MANOKWARI, cahayapapua.id- Polda Papua Barat menjadi pilot project nasional dalam penerapan kebijakan manajemen risiko di lingkungan Polri. Dalam pelaksanaan program tersebut, BPKP Perwakilan Papua Barat dipercaya memberikan pendampingan mulai dari sosialisasi, bimbingan teknis, hingga pendampingan intensif guna mendukung penyempurnaan draf Peraturan Kapolri (Perkap) tentang manajemen risiko.
Kepala Perwakilan BPKP Papua Barat, Eko Heri Winarno, menyampaikan bahwa penunjukan Polda Papua Barat sebagai pilot project merupakan sebuah kehormatan besar sekaligus bentuk kepercayaan dari pimpinan Polri kepada BPKP di daerah.
“Sebenarnya ini suatu kehormatan besar, khususnya kami di BPKP Provinsi Papua Barat karena sudah menerima kepercayaan untuk memberikan pendampingan. Kita mulai dari hari ini dengan sosialisasi, kemudian nanti lanjut dengan bimbingan teknis dan pendampingan, mungkin selama satu bulan,” ujar Eko kepada media usai pembukaan Sosialisasi Manajemen Risiko di Polda Papua Barat, Kamis (29/1/2025).

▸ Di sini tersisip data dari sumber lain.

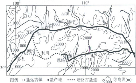 [广东茂名2025高一月考]古代川盐外运主要有两种方式,陆路运盐主要依靠肩挑马驮,水路运盐通常使用小木船。川盐的生产和外运造就了一批盐运古镇,如西沱古镇。西沱古镇为古代水路与陆路运盐的重要枢纽。下图示意我国局部区域图。据此完成下面小题。

Ia menjelaskan, pendampingan tersebut ditargetkan mampu menghasilkan rekomendasi Peraturan Kapolri (Perkap) tentang manajemen risiko sesuai dengan arahan Kapolri, sehingga sebelum Lebaran Perkap tersebut sudah direkomendasikan.
Menurut Eko, tujuan utama pelaksanaan piloting ini adalah memberikan masukan terhadap rancangan Perkap manajemen risiko. Ia menyebutkan bahwa BPKP bersama jajaran Polri telah melalui proses panjang dalam menyampaikan masukan kepada pimpinan Polri di tingkat pusat.
“Tujuan dari piloting ini yang pertama adalah memberikan masukan terhadap rancangan Perkap, karena kita sudah berproses memberikan masukan-masukan kepada pimpinan Kapolri di pusat,” jelasnya.
Ia berharap kebijakan penerapan manajemen risiko di lingkungan Polri melalui pilot project di Polda Papua Barat dapat berjalan secara efektif dan mencapai tujuan yang telah ditetapkan.
Lebih lanjut, Eko menerangkan bahwa manajemen risiko merupakan alat penting bagi instansi pemerintah dalam mengawal pencapaian tujuan organisasi. Setiap instansi, termasuk Polri dan BPKP, memiliki tujuan yang tertuang dalam rencana strategis masing-masing.
“Sebenarnya manajemen risiko ini adalah alat bagi instansi pemerintah, khususnya untuk mengawal pencapaian tujuannya masing-masing. Kalau saya lihat, pencapaian tujuan itu memiliki rentang masing-masing, Polri punya, kementerian punya, BPKP juga punya, “paparnya.
Ia menegaskan bahwa dalam proses pencapaian tujuan tersebut, risiko tidak dapat dihindari dan harus dikelola secara sistematis agar tidak menghambat kinerja organisasi.
“Di dalam mencapai tujuan itu pasti ada risiko-risiko yang akan menghambat. Manajemen risiko itu mengawal agar risiko itu tidak terjadi, kalaupun terjadi, masih berada di bawah selera risiko yang bisa diterima,” tambahnya.
Eko menambahkan bahwa secara teknis, penerapan manajemen risiko akan dibahas lebih rinci dalam tahapan bimbingan teknis dan pendampingan yang akan dilaksanakan selanjutnya.
Sementara itu, Wakapolda Papua Barat Brigjen Pol. Sulastiana, menyampaikan harapannya agar kesempatan piloting ini dapat dimanfaatkan secara optimal oleh seluruh jajaran Polda Papua Barat.
Ia menekankan bahwa selama proses piloting berlangsung, Polda Papua Barat diharapkan dapat memberikan kontribusi nyata berupa masukan kepada tim pusat dalam rangka penyempurnaan draf Perkap terkait manajemen resiko.
Menurutnya, Perkap tersebut merupakan tindak lanjut dari Peraturan Presiden Nomor 39 Tahun 2023 tentang Manajemen Risiko Pembangunan Nasional, yang juga telah diterapkan di berbagai kementerian dan lembaga.
“Seperti di berbagai K/L lainnya, kita berharap bahwa penerapan kebijakan manajemen risiko di Polda Papua Barat ini bisa berjalan dan bisa mendorong kinerja Polda Papua Barat dalam pemeliharaan keamanan dan ketertiban masyarakat,” pungkasnya.